[Items from a data source]
━━━━━━━━━━━━━━━━━━━━

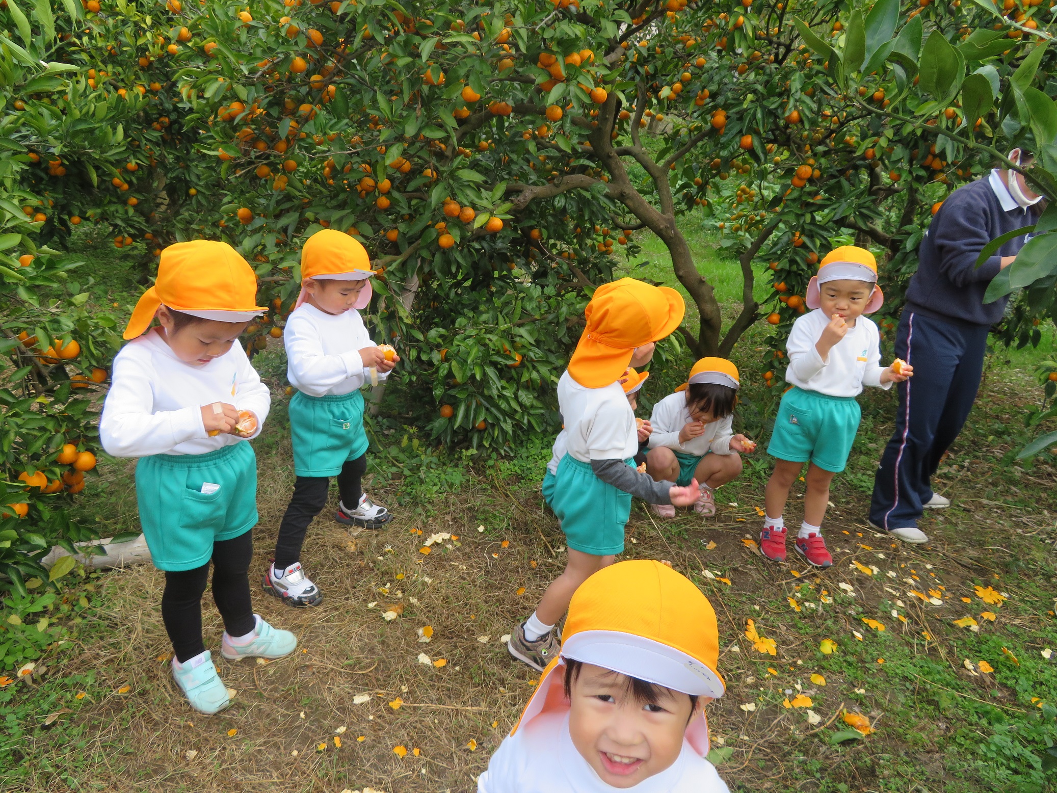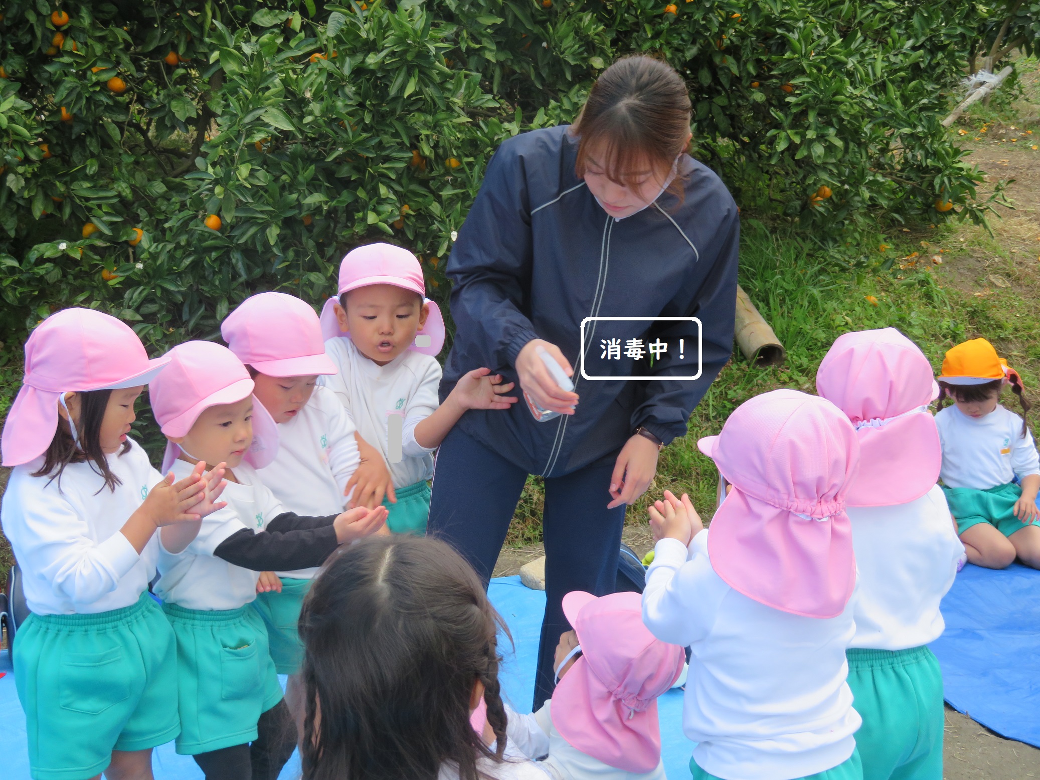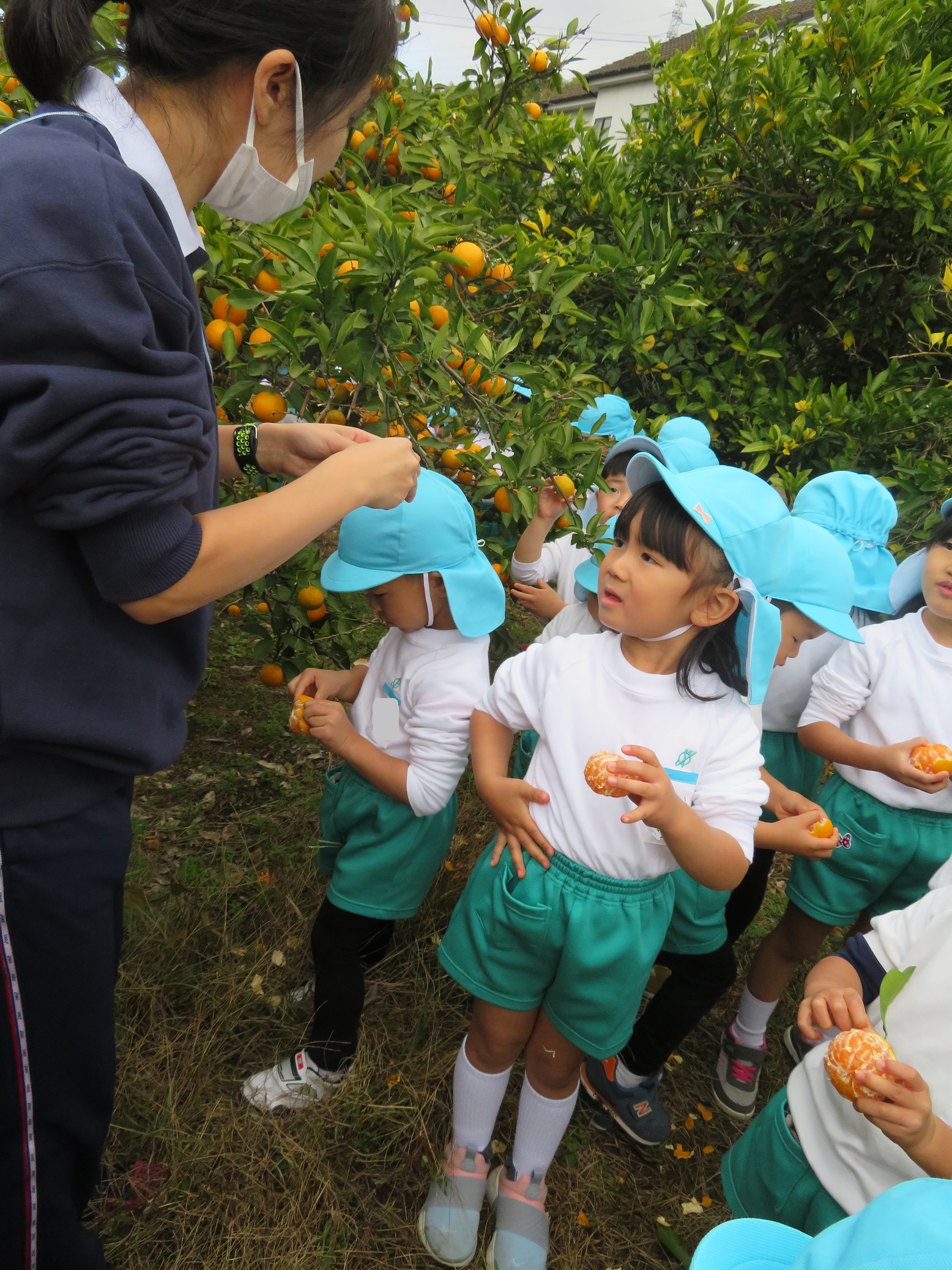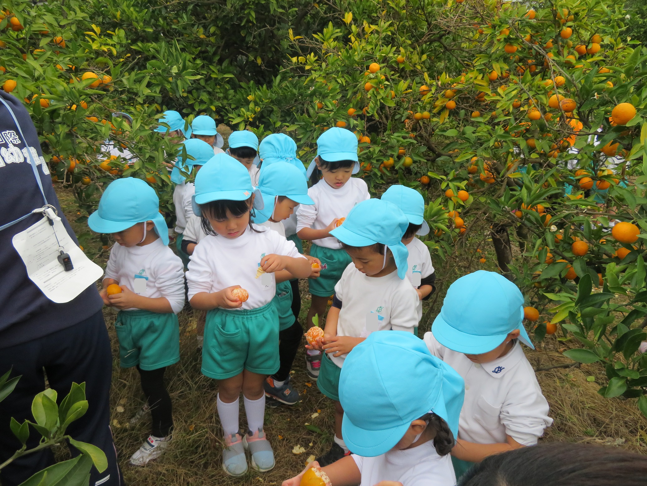 11月30日 ゆり組は、みかん狩り遠足で集めたみかんの皮を使って、草木染め遊びをしました!
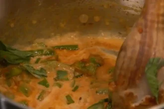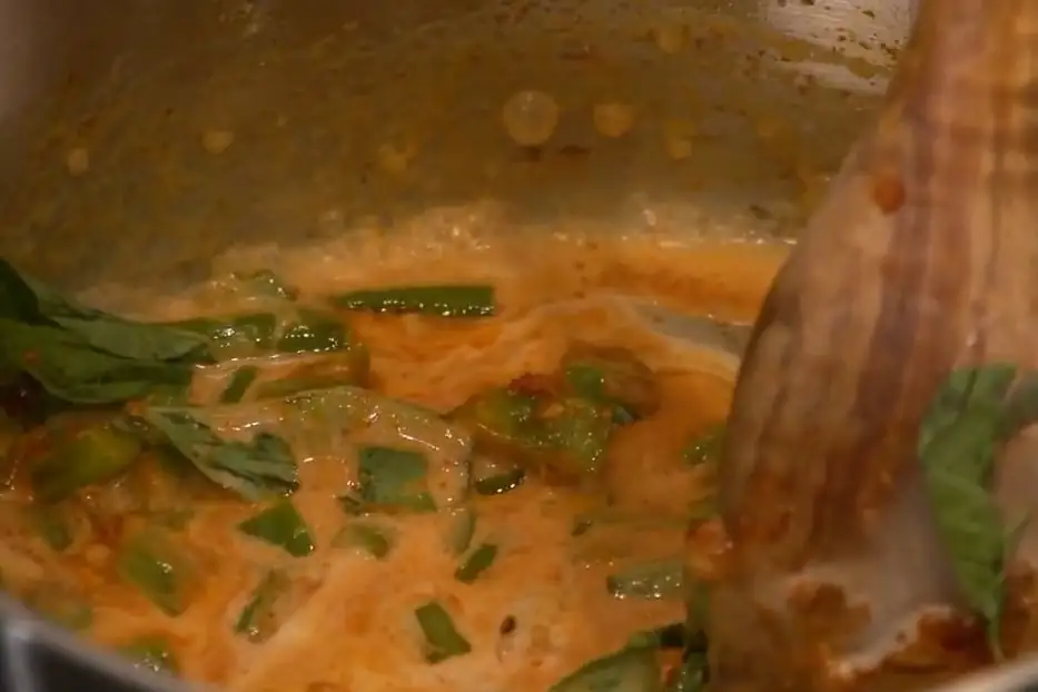 • Основа для заправки: у сотейник покладіть арахісову олію, червоний перець чилі та червону пасту каррі. На повільному вогні кілька хвилин поваріть до появи аромату. Додайте часник, базилік, болгарський перець і рибний соус. Готуйте, помішуючи, ще близько 2 хвилин. Влийте кокосове молоко і доведіть до кипіння. Помішуючи, доведіть соус до густої коністенції - маса має зменшитися приблизно вдвічі. Зніміть із вогню й охолодіть.
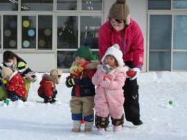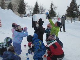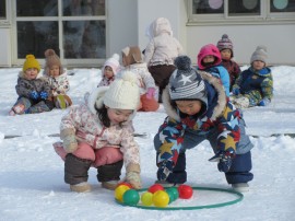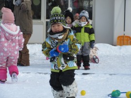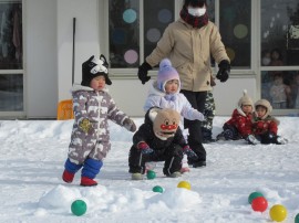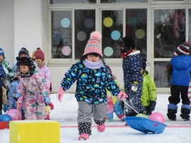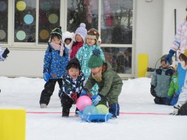 ゆり・ひまわり組🌻さんは、ボールを3個そりに乗せて運ぶ
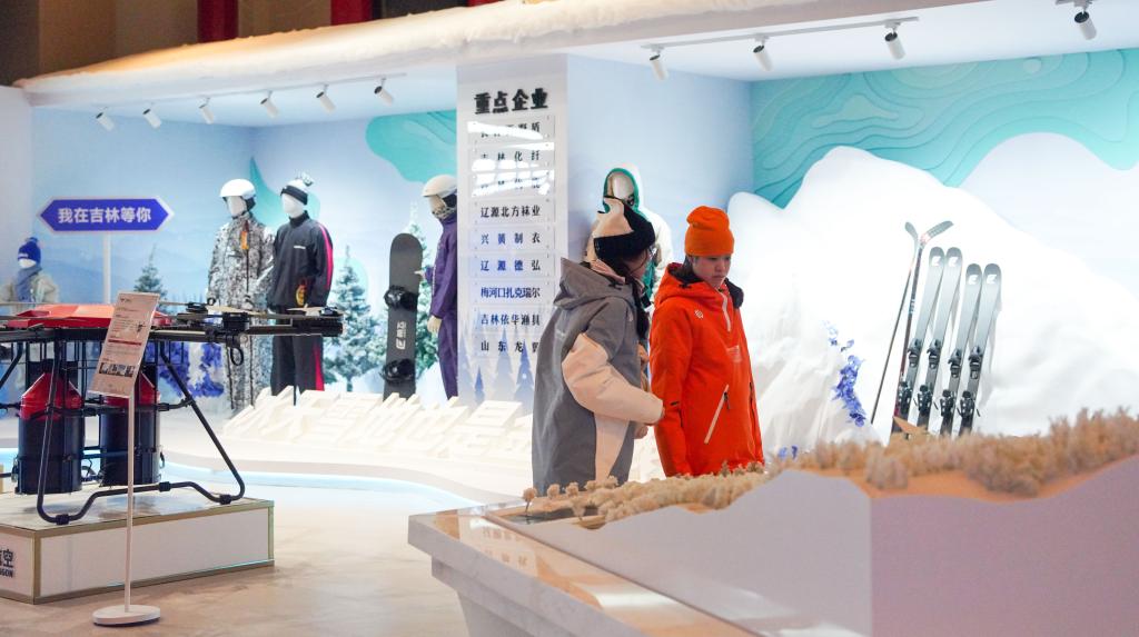 2024年12月19日,游客在吉林市北大湖滑雪度假區(qū)內的冰雪裝備展區(qū)參觀。新華社記者顏麟蘊 攝
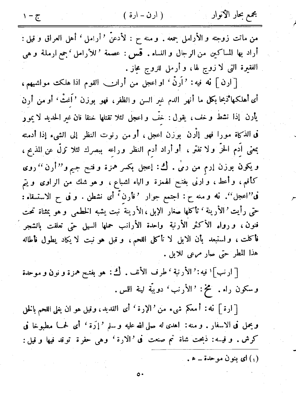 [أرن] نه فيه: "أرن" أو أعجل من أران القوم إذا هلكت مواشيهم، أي أهلكها ذبحاً بكل ما أنهر الدم غير السن والظفر، فهو بوزن "أغث" أو من أرن يأرن إذا نشط وخف، يقول: خف وأعجل لئلا تقتلها خنقاً فإن غير الحديد لا يمور في الذكاة موراً فهو إأرن بوزن أعجل، أو من رنوت النظر إلى الشيء إذا أدمته بمعنى أدم الخز ولا تفتر، أو أراد أدم النظر وراعه ببصرك لئلا تزل عن المذبح، ويكون بوزن إرم من رمى. ك: إعجل بكسر همزة وفتح جيم و"أرن" روى كأقم، وأعط، وأرني بفتح الهمزة والياء إشباع، وهو شك من الراوي ويتم في "أعجل". نه ومنه ح: اجتمع حوار "فأرن" أي نشطن. وفي ح الاستسقاء: حتى رأيت "الأرينة" تأكلها صغار الإبل، الأرينة نبت يشبه الخطمي وهو بمثناة تحت فنون، ورواه الأكثر الأرنبة واحدة الأرانب حملها السيل حتى تعلقت بالشجر فأكلت، واستبعد بأن الإبل لا تأكل اللحم، وقيل هو نبت لا يكاد يطول فأطاله هذا المطر حتى صار مرعى للإبل.
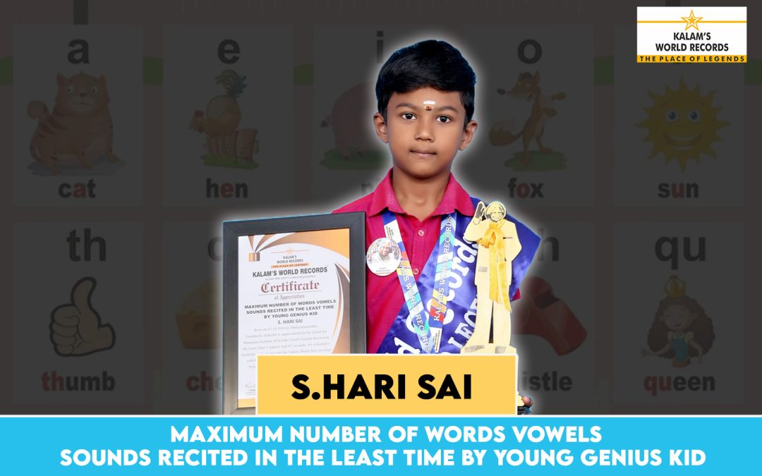 Born on 03-10-2018 in Thiruvannamalai, Tamil Nadu, India, he is appreciated for His Talent for the Maximum Number of Words vowel sounds recited in the Least Time, 1 Minute and 07 Seconds . We at Kalam’s World Records Appreciate His Talent, Honor Him on Stage With Big Applause, and Look Forward to His Future Stepping Stones. Achievement Date 18-03-2025.this Achievement is Recognized by Kalam’s World Records.
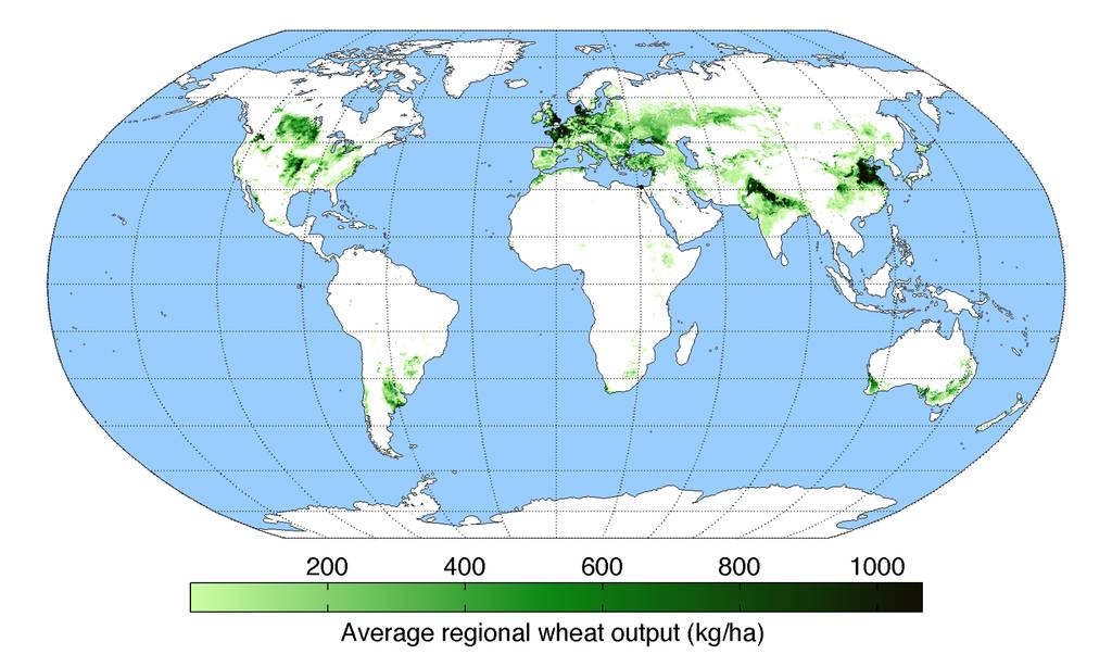 现在,小麦在世界各地的产量,绿色越深产量越高。图片:wiki commons
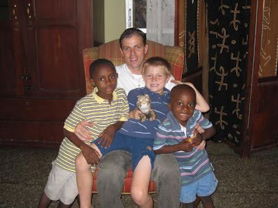 I am tired! John has been having loooooooong work days lately. We are a great team together & I really feel it when my team mate is not here. However, we are still making some good progress. This photo shows how cold the boys were when they first arrived. They were wearing their winter coats in the house & one night they even wore winter hats to bed! (We had the heat on - honest!) Since then they have acclimatized very quickly. At first I kept asking them if they were cold but then I realized they really were feeling OK now. I did NOT adapt to the heat of Ghana that quickly - kids are amazing!
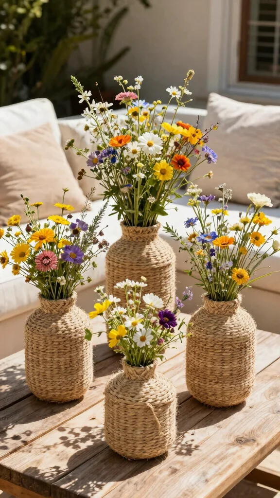 Woven fiber vases offer an eco-friendly option that highlights organic beauty.
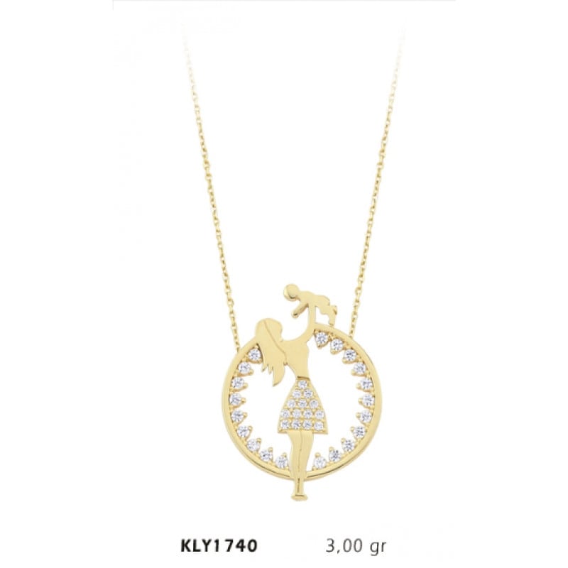 14 Ayar Anne Bebek Taşlı Kolye KLY1740
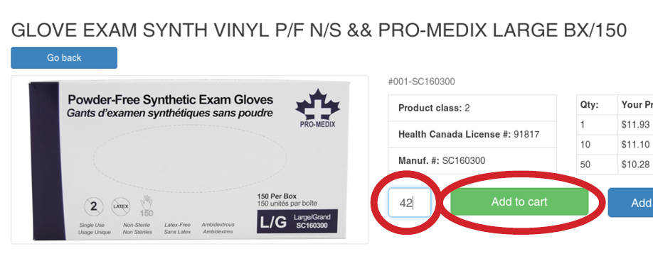 You're likely familiar with this method, as it's common on many other websites: find a product you want either by searching for a keyword or browsing categories list. Then enter the desired quantity and click the Add to cart button:
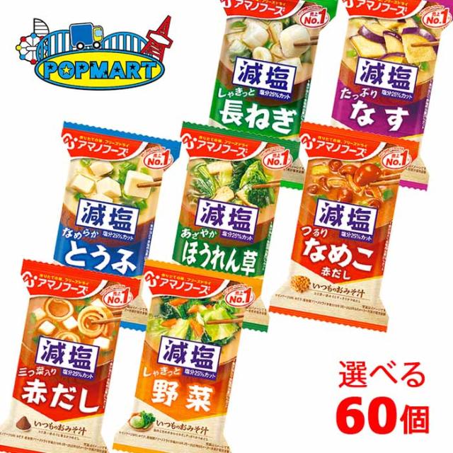 アマノフーズ 減塩いつものおみそ汁 10食単位で選べる合計60食セット フリーズドライ 送料無料 減塩 即席 非常食 おかず 備蓄

━━━━━━━━━━━━━━━━━━━━

• The task:
The lines from the top of the data above through the one holding "вогню й охолодіть." are to be repeated exactly, and only those, with no pictures.

• Output:
 11月30日 ゆり組は、みかん狩り遠足で集めたみかんの皮を使って、草木染め遊びをしました!
 • Основа для заправки: у сотейник покладіть арахісову олію, червоний перець чилі та червону пасту каррі. На повільному вогні кілька хвилин поваріть до появи аромату. Додайте часник, базилік, болгарський перець і рибний соус. Готуйте, помішуючи, ще близько 2 хвилин. Влийте кокосове молоко і доведіть до кипіння. Помішуючи, доведіть соус до густої коністенції - маса має зменшитися приблизно вдвічі. Зніміть із вогню й охолодіть.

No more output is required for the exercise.